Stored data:
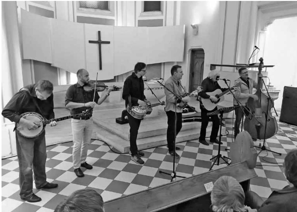
• Koncert kapely BG Styl
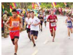
Carrera pedestre en el trópico de 2023. rkc

De acuerdo a la convocatoria, la carrera iniciará a las
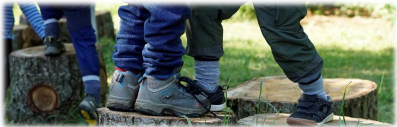
Abbildung 24: co.natur gGmbH Waldkindergarten Heimsheim

Freispiel ist spielen lassen unter Aufsicht. Es ist ein komplexes Geschehen während einer bestimmten Zeitdauer, dass sich jedes Mal neu aus spontanem Tätigwerden der Kinder und Zurückhaltung der pädagogischen Fachkräfte entwickelt. Das Freispiel ist vollkommen frei. Die Kinder können spielen, mit wem und was sie wollen.
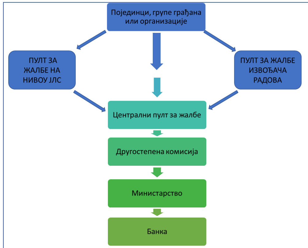
Слика 1. Шема функционисања жалбеног механизма

доноси Другостепена комисија образована решењем министра грађевинарства, саобраћаја и инфраструктуре. Организација ЖМ-а је представљена на слици 1 овог документа.
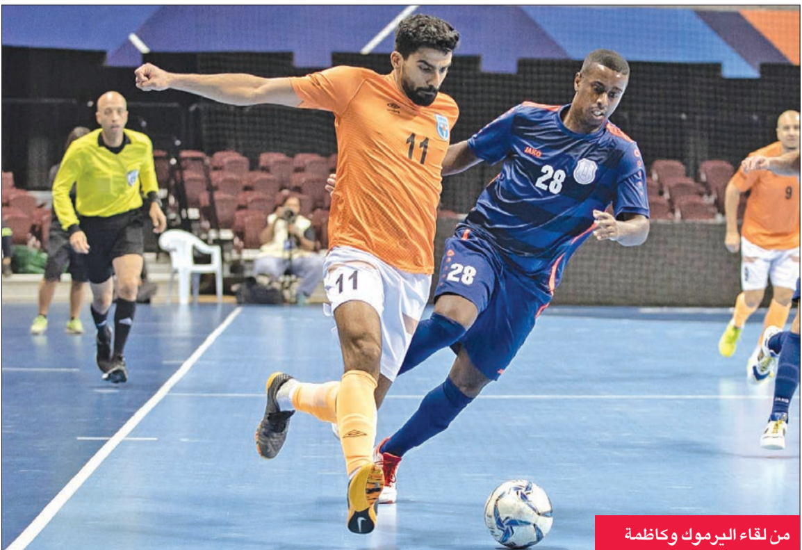
من لقاء اليرموك وكازمة
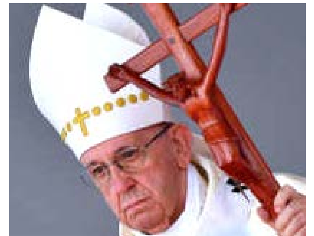
"Yo pienso que a México el diablo lo castiga con mucha bronca porque el diablo no le perdona a México que ella -la Virgen de Guadalupe- haya mostrado ahí a su hijo": Papa Francisco.

Ri también acusó al presidente estadounidense, Donald Trump, de haber "declarado la guerra" a Corea del Norte durante su discurso de la semana pasada ante la Asamblea General de la ONU, en la que el líder norteamericano amenazó con "destruir totalmente" al país asiático.
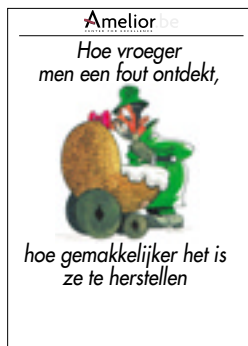
Nr. 8 Hoe vroeger men een fout ontdekt, hoe gemakkelijker het is ze te herstellen
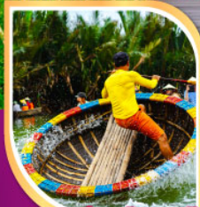
ล่องเรือกระดิง
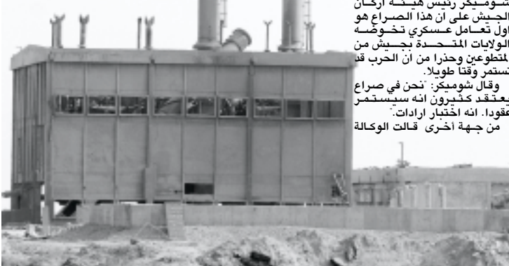
صورة حديثة لقاعدة القمع جنوب بغداد

وقال كيري امام انصاره في دوفر بنينهايمشير: هذا احد الاخطاء الفادحة الكبرى في العراق ومن بين افدح اخطاء هذه الإدارة وقد عرض عدم الكفاءة التي لا يمكن تصورها لهذا الرئيس جنودنا للخطر وعرض هذا البلد لخطر اكبر.
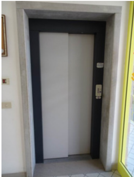
particolare vano ascensore piano terra

Exercise prompt> Starting with the first line of the records above and stopping after the line containing "صورة حديثة لقاعدة القمع جنوب بغداد", repeat every line exactly and leave out the pictures.

Solution for this exercise>
• Koncert kapely BG Styl
Carrera pedestre en el trópico de 2023. rkc

De acuerdo a la convocatoria, la carrera iniciará a las
Abbildung 24: co.natur gGmbH Waldkindergarten Heimsheim

Freispiel ist spielen lassen unter Aufsicht. Es ist ein komplexes Geschehen während einer bestimmten Zeitdauer, dass sich jedes Mal neu aus spontanem Tätigwerden der Kinder und Zurückhaltung der pädagogischen Fachkräfte entwickelt. Das Freispiel ist vollkommen frei. Die Kinder können spielen, mit wem und was sie wollen.
Слика 1. Шема функционисања жалбеног механизма

доноси Другостепена комисија образована решењем министра грађевинарства, саобраћаја и инфраструктуре. Организација ЖМ-а је представљена на слици 1 овог документа.
من لقاء اليرموك وكازمة
"Yo pienso que a México el diablo lo castiga con mucha bronca porque el diablo no le perdona a México que ella -la Virgen de Guadalupe- haya mostrado ahí a su hijo": Papa Francisco.

Ri también acusó al presidente estadounidense, Donald Trump, de haber "declarado la guerra" a Corea del Norte durante su discurso de la semana pasada ante la Asamblea General de la ONU, en la que el líder norteamericano amenazó con "destruir totalmente" al país asiático.
Nr. 8 Hoe vroeger men een fout ontdekt, hoe gemakkelijker het is ze te herstellen
ล่องเรือกระดิง
صورة حديثة لقاعدة القمع جنوب بغداد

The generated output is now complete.